STEP 6: HATE SWIMMING AGAIN
My high school boyfriend came to watch one of my championship meets my senior year. I wanted to impress him by going fast. So fast, in fact, that I broke my finger coming into the wall in the first race of the meet. I taped my fingers together and kept swimming, but my times suffered. “Soul-crushing,” I believe, is the word to describe the feeling of defeat (at your own hands—or finger—no less) after a year of hard training collapses into nothing. But what do we swimmers do after a small existential crisis? We throw ourselves back in the pool and try again, which brings me to…

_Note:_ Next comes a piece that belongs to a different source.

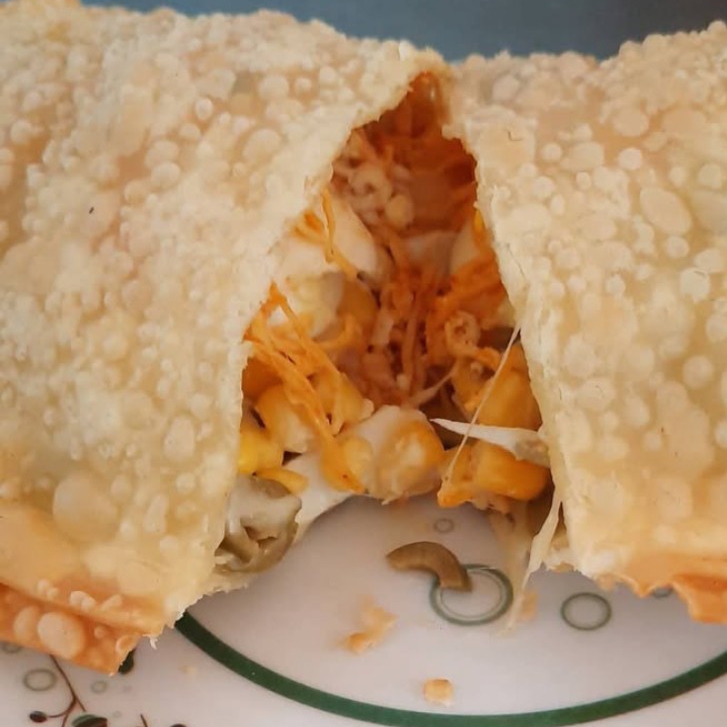 Um pastel recheado com frango desfiado e milho,com 20 cm perfeito para um lanche rápido.

STEP 7: KEEP OFF THE FRESHMAN 15
I decided to swim in college, more to stay fit than anything else. I also figured it would be easier to start off swimming and then quit if I disliked it than to join after a year of eating dining hall food. Right from the start, I saw benefits left and right: I came into college with fifty friends, it was easier to focus on schoolwork when I didn’t have hours of free time in which to goof off every afternoon.

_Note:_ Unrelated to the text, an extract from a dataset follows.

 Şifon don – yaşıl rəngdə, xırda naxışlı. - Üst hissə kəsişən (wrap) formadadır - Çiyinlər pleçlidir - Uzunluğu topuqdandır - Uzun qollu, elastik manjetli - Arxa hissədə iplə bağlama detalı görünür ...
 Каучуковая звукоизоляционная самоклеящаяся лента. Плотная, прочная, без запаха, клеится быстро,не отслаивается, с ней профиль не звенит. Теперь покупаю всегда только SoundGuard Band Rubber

Exercise kept my mental health in a good place, and adding weightlifting to my training yielded big improvements. Although my first Conference Championship meet was rather “meh,” the experience as a whole was so rewarding that I barely cared about my times.
STEP 8: REAP THE REWARDS
Last semester—the first of my junior year—I finally saw some major time improvements. I think I finally learned to let go; I’m much easier on myself and I barely even look at my times anymore. Ironically, the less I care about my time, the faster it becomes. But you can’t pretend to not care when you really do (I’ve tried doing that. It doesn’t work); it takes time, and maturity, and maybe 15 years of swimming to finally reach a point where you’re confident enough in yourself and your abilities to be just as happy laughing off a 1:10 in the 50 Free as celebrating a :24.

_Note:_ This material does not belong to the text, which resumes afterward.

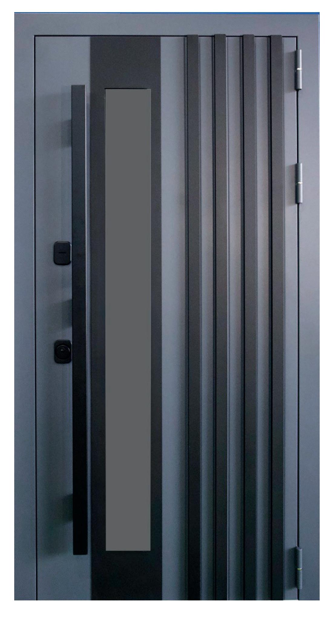цвет «Муар 7024», элемент накладной металл 2 мм Внутренняя панель: панель 10 мм, фрезерованная, ламинированная пленкой ПВХ «Велютто бьянко» Толщина металла: 1,4 мм Полотно: 110 мм, терморазрыв полиамидный профиль Стеклопакет: 2-х камерный толщиной 60 мм Наполнение: плита минераловатная IZOVOL СТ-50мм + ППС10-Р-А ГОСТ 15588-2014 + подложка МДФ 6мм Петли: 3 шт. каплевидные 140х20 на подшипнике, с общей допустимой нагрузкой 285 кг. Короб: открытый глубиной 150 мм, 3 контура уплотнения, терморазрыв 24 мм, полиамидный профиль Наличник: 80 мм Основной замок: цилиндровый Гардиан 3221 Дополнительный замок: сувальдный Гардиан 3001 Комплектация: ночная задвижка, фурнитура черная прямоугольная 17 серия, ручка штанга 1600 мм, декоративные накладки с защитой от продувания, порог с накладкой из нержавею- щей стали, комплект ключей. Размеры: 860х2060 мм/ 960х2060 мм

Now that I’m reaching the end of my swimming career and facing the unknown of the Adult World, I’m realizing just how profoundly the sport has affected me. I’ve learned how to set and meet goals from an early age. I have a strong work ethic. My heart and joints are in great condition, so my future knee problems can set in at 32 instead of 31. And I have a group of strange, wonderful, aquatic lifelong friends. So, take it from me—it’s worth it to become a lifelong swimmer. Maybe you’re currently in love with the sport, in which case, great! Keep it up! But if you and swimming are taking a little break and seeing other sports, just make sure to give it another shot. You’ll thank yourself for it.